Liang, Zhu, Zhu, 2018

Summary

This paper looks at tracking severely occluded objects in long video sequences.

I like this passage:

Although some recent work adopted deep neural networks
to extract contexts for object detection and tracking, these
data-driven feedforward methods have well-known problems:
i) They are black-box models that cannot be explained
and only applicable with supervised training by fitting the
typical context of the object, thus difficult to generalize
to new tasks. ii) Lacking explicit representation to handle
occlusions, low resolution, and lighting variations—there
are millions of ways to occlude an object in a given image
 (Wang et al. 2017), making it impossible to have enough
data for training and testing such black box models. In this
paper, we go beyond passive recognition by reasoning about
time-varying containment relations.

They look at containment relations induced by human activity. A containment relation occurs when an object contains or holds another object, obscuring it from view. Contained objects have the same trajectories as the container.
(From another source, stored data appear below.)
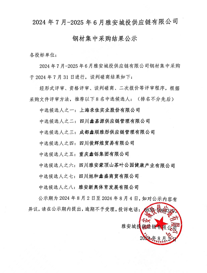 2024年7月-2025年6月雅安城投供應(yīng)鏈有限公司鋼材集中采購結(jié)果公示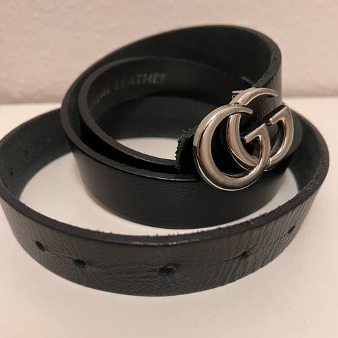 Mørkeblåt bælte. Næsten som nyt. 6 cm bredt. Længde 113 cm målt INKL spænde. Forsendelse 50 kr.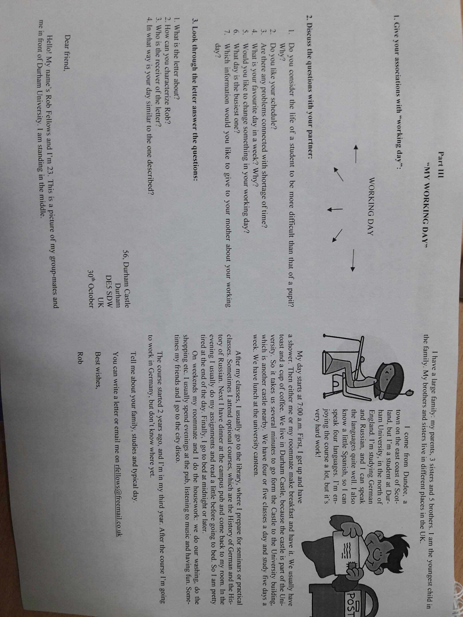 Я приехал из Данди, из города на восточном побережье Шотландии, но я студент университета Дарема. Я изучаю немецкий и русский и я могу хорошо говорить на этих языках. Я так же немного знаю испанский, поэтому я говорю на четырёх языках. Мне очень нравится этот курс, но это очень сложная работа!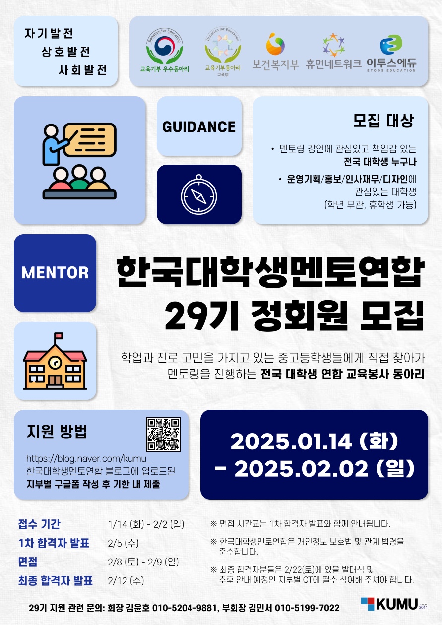 👩🏻🏫한국대학생멘토연합 29기 대모집🧑🏻🏫 (🚨모집기간 연장 ~2/2(일)까지🚨)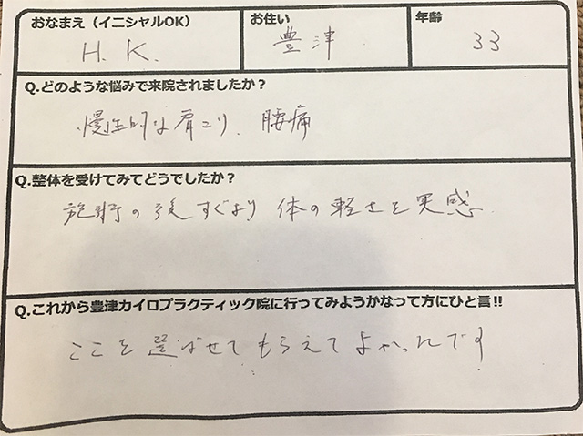 Q.これから豊津カイロプラクティック院にいってみようかなって方にひと言‼

They use an idea that I have thought about as well and think is powerful; rather than only relying on detections for next state hypotheses, they suggest alternative hypotheses based on occlusion reasoning. The other hypotheses come from containment relations and blocked relations; if an object is contained, it inherits the track state of its container. If an object is blocked, its track state is considered stationary (not always true!).

This tracking scenario is unique because they only consider human action as the source of state change (i.e., this approach doesn’t apply to general ped or vehicle tracking).

They use state-of-the-art detection and activity recognition to carry out object tracking. They use the network flow approach for occlusion-aware data association in a sliding window. I think their algorithm has to decide between containment and blocked occlusion events via the activity recognition.

They note that their approach is limited by how good object detection is. I think an important direction to consider is when external forces other than people can act on the object. This requires a lot more complex modeling of what an occluded object might be doing. Also, we need better object detection!

In Zhang, Li, and Nevatia 2008, they use an Explicit Occlusion Model (EOM) in the network flow data association model. Good potential baseline.